Raw data:
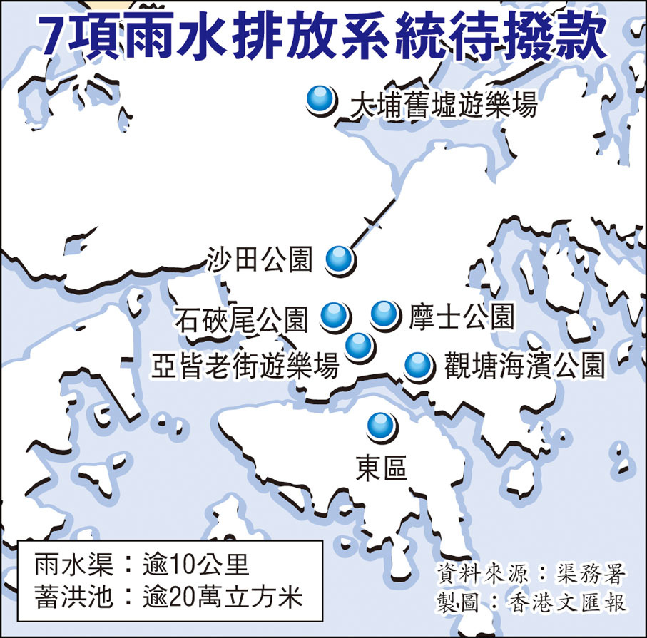同時,渠務署已針對有關水浸地點進行120項小型改善工程,大部分工程已於今年首季完成,涉及柴灣、黃大仙等曾嚴重受災地區。本月底政府將再向立法會申請撥款,進行7項雨水排放系統改善工程,令全港蓄洪池容量較現時增加一倍。而將來在設計防洪設施時,署方會繼續沿用一地多用理念。
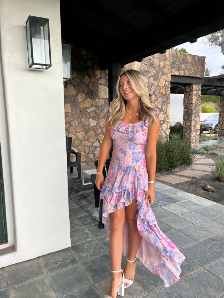 Graceful A Line Low Collar Printing Chiffon High Low Long Prom Dress,Evening Dress GG1073
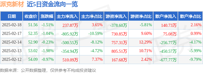 2月18日的资金流向数据方面,主力资金净流入237.87万元,占总成交额3.65%,游资资金净流出378.6万元,占总成交额5.81%,散户资金净流入140.73万元,占总成交额2.16%。
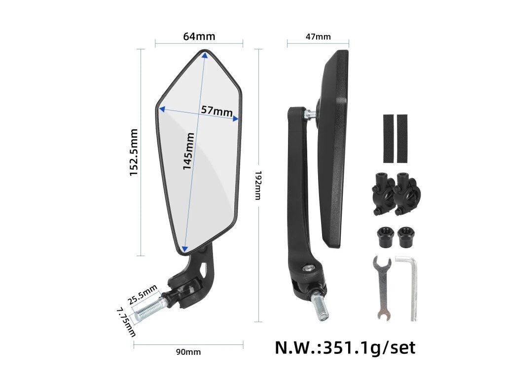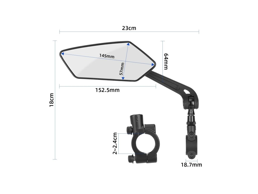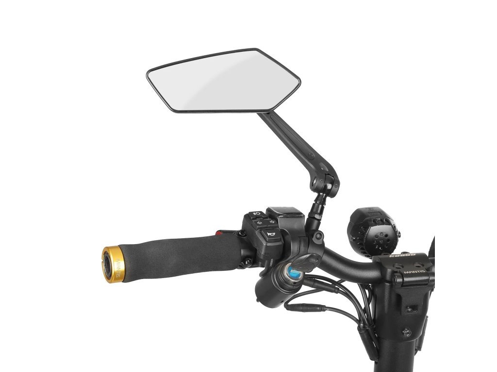 Zrcadlo umožňuje plynulé nastavení úhlu podle potřeb jezdce a poskytuje jasný obraz prostoru za kolem.
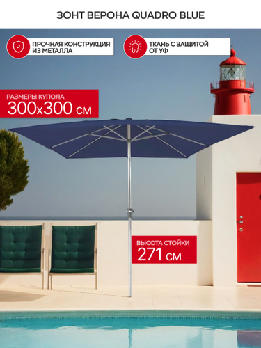 Зонт Верона Quadro White 300 см 3х3 м, квадратный, синий, на центральной опоре
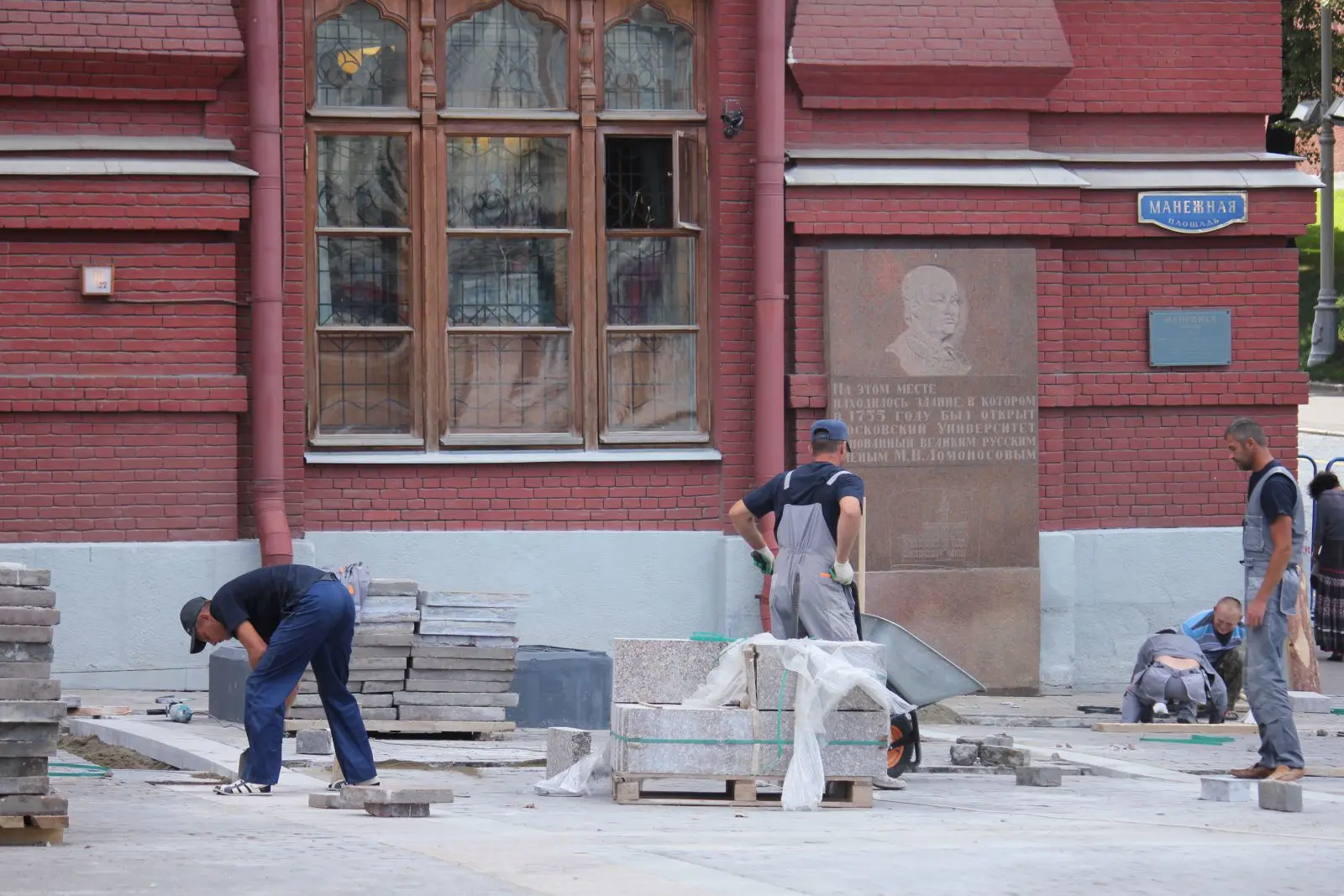Утром 18 июля была перегорожена значительная часть Манежной площади. На этом месте рабочие начали перекладывать плитку.

What you need to do: Print the material above verbatim except the pictures.

Result of the exercise:
同時,渠務署已針對有關水浸地點進行120項小型改善工程,大部分工程已於今年首季完成,涉及柴灣、黃大仙等曾嚴重受災地區。本月底政府將再向立法會申請撥款,進行7項雨水排放系統改善工程,令全港蓄洪池容量較現時增加一倍。而將來在設計防洪設施時,署方會繼續沿用一地多用理念。
 Graceful A Line Low Collar Printing Chiffon High Low Long Prom Dress,Evening Dress GG1073
 2月18日的资金流向数据方面,主力资金净流入237.87万元,占总成交额3.65%,游资资金净流出378.6万元,占总成交额5.81%,散户资金净流入140.73万元,占总成交额2.16%。
 Zrcadlo umožňuje plynulé nastavení úhlu podle potřeb jezdce a poskytuje jasný obraz prostoru za kolem.
 Зонт Верона Quadro White 300 см 3х3 м, квадратный, синий, на центральной опоре
Утром 18 июля была перегорожена значительная часть Манежной площади. На этом месте рабочие начали перекладывать плитку.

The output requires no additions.